UPDATE (1:45 PM EST):
According to usatf.org, Jeneba Tarmoh withdrew herself from consideration of the Olympic team for the 100 meter dash. USATF reports that Tarmoh’s agent, Kimberly Holland, sent an email at 12:37 PM EST stating the intent to withdraw. Tarmoh is quoted as saying, “I, Jeneba Tarmoh have decided to decline my 3rd place position in the 100m dash to Allyson Felix. I understand that with this decision I am no longer running the 100m dash in the Olympic Games and will be an alternate for the event. As an alternate I understand that I will be asked to run if another 100m runner decides not to for personal reasons, and/or on the 4x100m relay.”

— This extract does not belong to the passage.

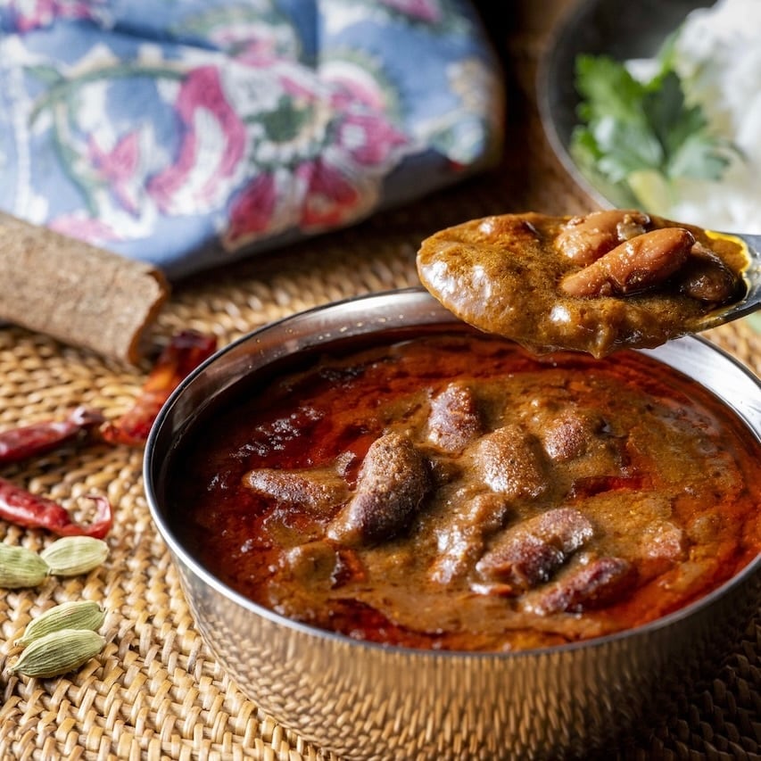 ラジマ(豆)をじっくり煮込み、ほろっと煮崩れる食感に仕上げた北インドの定番豆カレー。

Do you think Tarmoh was right to withdraw herself from the runoff?
The 2012 Track and Field Olympic Trials have us amped up and ready for the official games to begin. We can’t wait to watch running phenoms like Shalane Flanagan and Amy Hastings chase down their Olympic dreams in hopes of bringing home the bling.
One of the most notable events from the 2012 Olympic Trials will take place tonight (and we can’t wait to watch the show-down!). Sprinters Allyson Felix and Jeneba Tarmoh will race in a first-ever runoff to determine who will take the final spot on the US team for the 100 meter dash. Felix and Tarmoh finished in a dead heat tie for third place during the finals on June 23rd. Immediately following the tie, USATF officials met to determine the dead heat would be settled through a runoff or a coin toss, as decided by the athletes. Felix and Tarmoh, who are both coached by Bobby Kersee, agreed to put off making a final decision until they ran the 200 meter dash on June 30th. Felix secured an Olympic spot by winning the 200 m dash, while Tarmoh fell short by finishing in fifth place.
On Sunday, USA Track & Field (USATF) officials met with Kersee, Felix and Tarmoh to discuss the fate of the final spot on the 100 meter dash line-up. After a two hour meeting, USATF announced Felix and Tarmoh will participate in a runoff tonight at 5pm PST/8 pm EST. USATF spokesperson Jill Greer explained the much anticipated decision came one week after the dead heat in order to allow all parties enough time to make an informed decision. Greer said, “We had to consult with the athletes, their coaches, their representatives, to make sure we weren’t putting anyone at risk, but that we were also getting a resolution to it. We had to come up with a time and place that worked well.”
Tune in tonight at 5pm PST/8pm EST to watch a piece of running history!